Fluconazole (or azole) resistance is predominantly the consequence of previous
exposure to fluconazole (or other azoles), particularly repeated and long-term
exposure . In this setting, C. albicans
resistance has been accompanied by a gradual emergence of non-albicans
Candida species, particularly
C. glabrata, as a cause of refractory mucosal candidiasis, particularly
in patients with advanced immunosuppression
The
occurrence of oropharyngeal or esophageal candidiasis is recognized as an
indicator of immune suppression, and these are most often observed in patients
with CD4+ T lymphocyte counts <200 cells/µL.
In contrast, vulvovaginal candidiasis is common among healthy, adult women and
is unrelated to HIV-1 status. Recurrent vulvovaginal candidiasis alone should
not be considered a sentinel of HIV-1 infection among women. The introduction
of ART has led to a dramatic decline in the prevalence of oropharyngeal
candidiasis and a marked diminution in cases of refractory disease.
Clinical
Manifestations
Oropharyngeal
candidiasis is characterized by painless, creamy white, plaque-like lesions of
the buccal or oropharyngeal mucosa or tongue surface. Lesions can be easily
scraped off with a tongue depressor or other instrument. Less commonly,
erythematous patches without white plaques can be seen on the anterior or
posterior upper palate or diffusely on the tongue. Angular chelosis is also
noted on occasion and may be caused by Candida.
Esophageal
candidiasis is occasionally asymptomatic but often presents with fever,
retrosternal burning pain or discomfort, and odynophagia. Endoscopic
examination reveals whitish plaques similar to those observed with
oropharyngeal disease that might progress to superficial ulceration of the
esophageal mucosa, with central or surface whitish exudates.
Vulvovaginitis
might be mild to moderate and sporadic, similar in presentation to that in
normal hosts, and characterized by a creamy to yellow-white adherent vaginal
discharge associated with mucosal burning and itching. In those with more
advanced immunosuppression, episodes might be more severe, more frequently
recurrent, of longer duration, or refractory to treatment.
Diagnosis
Diagnosis
of oropharyngeal candidiasis is usually clinical and based on the appearance of
lesions. The feature that distinguishes these from oral hairy leukoplakia is
the ability to scrape off the superficial whitish plaques. If laboratory
confirmation is required, a scraping for microscopic examination for yeast
forms using a potassium hydroxide (KOH) preparation provides supportive
diagnostic information. Cultures of clinical material identify the species of
yeast present.
The
diagnosis of esophageal candidiasis requires endoscopic visualization of
lesions with histopathologic demonstration of characteristic
Candida yeast forms in tissue and culture confirmation of the presence
of Candida species. The diagnosis of
vulvovaginal candidiasis is based on the clinical presentation coupled with the
demonstration of characteristic yeast forms in vaginal secretions examined
microscopically after KOH preparation.
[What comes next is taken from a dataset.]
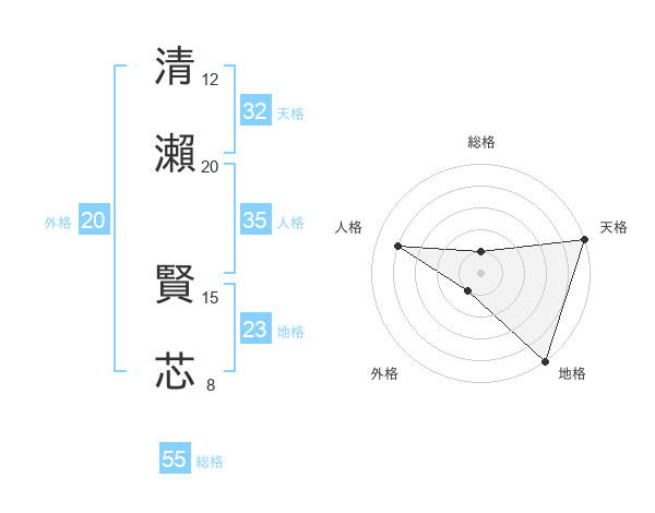 清瀨 賢芯さんを姓名の画数から五運を鑑定

Culture confirmation is rarely required
but might provide supportive information. Because self-diagnosis of
vulvovaginitis is unreliable, microscopic confirmation is required to avoid
unnecessary exposure to inappropriate treatments.
Treatment
Recommendations
Although
initial episodes of oropharyngeal candidiasis can be adequately treated with
topical therapy, including clotrimazole troches or nystatin suspension or
pastilles (BII), oral fluconazole
is as effective and, in certain studies, superior to topical therapy and is
more convenient and generally better tolerated
(AI). Itraconazole oral
solution for 7--14 days is as effective as oral fluconazole but less well
tolerated (AI). Ketoconazole and
itraconazole capsules are less effective than fluconazole because of their more
variable absorption and should be considered second line alternatives (DII).
Systemic
therapy is required for effective treatment of esophageal candidiasis (AII).
A 14--21-day course of either fluconazole or itraconazole solution is highly
effective (AI). As with
oropharyngeal candidiasis, ketoconazole and itraconazole capsules are less
effective than fluconazole because of variable absorption (DII).
Although caspofungin (AII) and
voriconazole (AII) are effective in
treating esophageal candidiasis among HIV-1--infected patients, experience is
limited and fluconazole remains the preferred agent. Although symptoms of
esophageal candidiasis might be mimicked by other pathogens, a diagnostic trial
of antifungal therapy is often appropriate before endoscopy is undertaken to
search for other causes of esophagitis.
Uncomplicated
vulvovaginal candidiasis is observed in 90% of HIV-1--infected women and
responds readily to short-course oral or topical treatment with any of several
therapies including single-dose regimens (AII):
-
topical azoles (clotrimazole, butaconazole, miconazole, ticonazole, or
terconazole) for 3--7 days;
-
topical nystatin 100,000 units daily for 14 days;
-
itraconazole oral solution 200 mg twice a day for 1 day or 200 mg daily for 3
days; or
-
oral fluconazole 150 mg for 1 dose.
Complicated
vaginitis (prolonged or refractory episodes) is observed in approximately 10%
of patients and requires antimycotic therapy for >7 days (AII).
Monitoring
and Adverse Events
For
the majority of patients, response to therapy is rapid, with improvement in
signs and symptoms within 48--72 hours. Short courses of topical therapy rarely
result in adverse effects, although patients might experience cutaneous
hypersensitivity reactions, with rash and pruritis. Patients might experience
gastrointestinal upset with oral azole treatment. Patients treated for
>7--10 days with azoles might experience hepatotoxicity. If prolonged
therapy is anticipated (>21 days), periodic monitoring of liver chemistry
studies should be considered.
Management
of Treatment Failure
Treatment
failure is generally defined as
signs and symptoms of oropharyngeal or esophageal candidiasis that persist for
more than 7--14 days of appropriate therapy. Fluconazole-refractory
oropharyngeal candidiasis will respond at least transiently to itraconazole
solution in approximately two thirds of persons (AII).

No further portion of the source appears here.